The copy you give must match the listing below exactly and contain no pictures.
START Supplied data
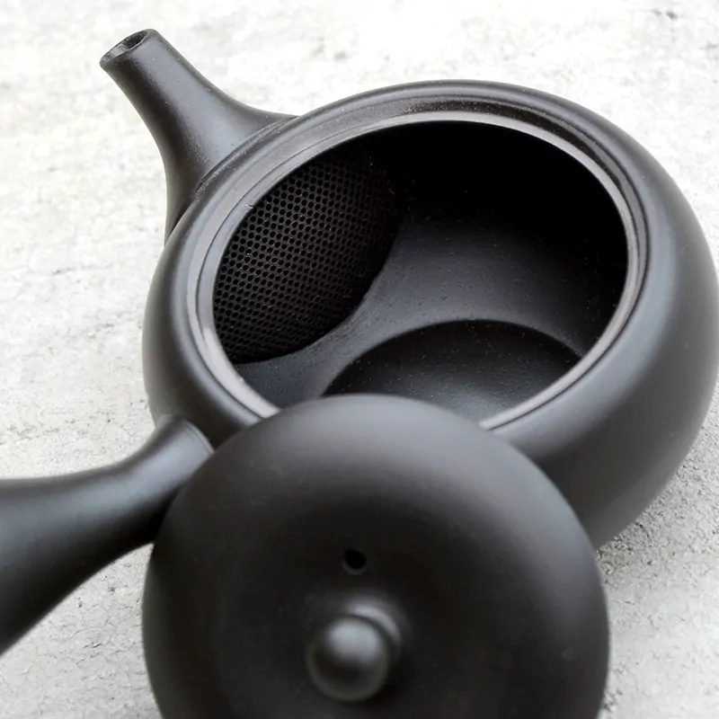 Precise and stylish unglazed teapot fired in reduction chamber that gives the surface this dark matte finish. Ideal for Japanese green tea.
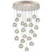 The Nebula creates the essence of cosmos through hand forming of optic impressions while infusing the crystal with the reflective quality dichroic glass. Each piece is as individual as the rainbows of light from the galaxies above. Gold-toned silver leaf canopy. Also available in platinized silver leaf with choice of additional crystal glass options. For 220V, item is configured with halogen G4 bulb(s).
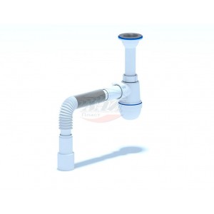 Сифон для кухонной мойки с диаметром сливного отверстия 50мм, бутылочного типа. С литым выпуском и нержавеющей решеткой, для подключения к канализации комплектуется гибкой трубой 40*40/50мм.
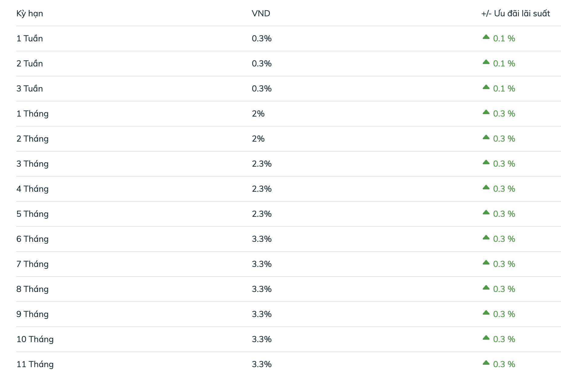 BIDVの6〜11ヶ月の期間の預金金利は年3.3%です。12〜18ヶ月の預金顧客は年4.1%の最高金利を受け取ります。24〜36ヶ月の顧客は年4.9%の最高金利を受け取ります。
END Supplied data
(Finished exercise)
 Precise and stylish unglazed teapot fired in reduction chamber that gives the surface this dark matte finish. Ideal for Japanese green tea.
 The Nebula creates the essence of cosmos through hand forming of optic impressions while infusing the crystal with the reflective quality dichroic glass. Each piece is as individual as the rainbows of light from the galaxies above. Gold-toned silver leaf canopy. Also available in platinized silver leaf with choice of additional crystal glass options. For 220V, item is configured with halogen G4 bulb(s).
 Сифон для кухонной мойки с диаметром сливного отверстия 50мм, бутылочного типа. С литым выпуском и нержавеющей решеткой, для подключения к канализации комплектуется гибкой трубой 40*40/50мм.
 BIDVの6〜11ヶ月の期間の預金金利は年3.3%です。12〜18ヶ月の預金顧客は年4.1%の最高金利を受け取ります。24〜36ヶ月の顧客は年4.9%の最高金利を受け取ります。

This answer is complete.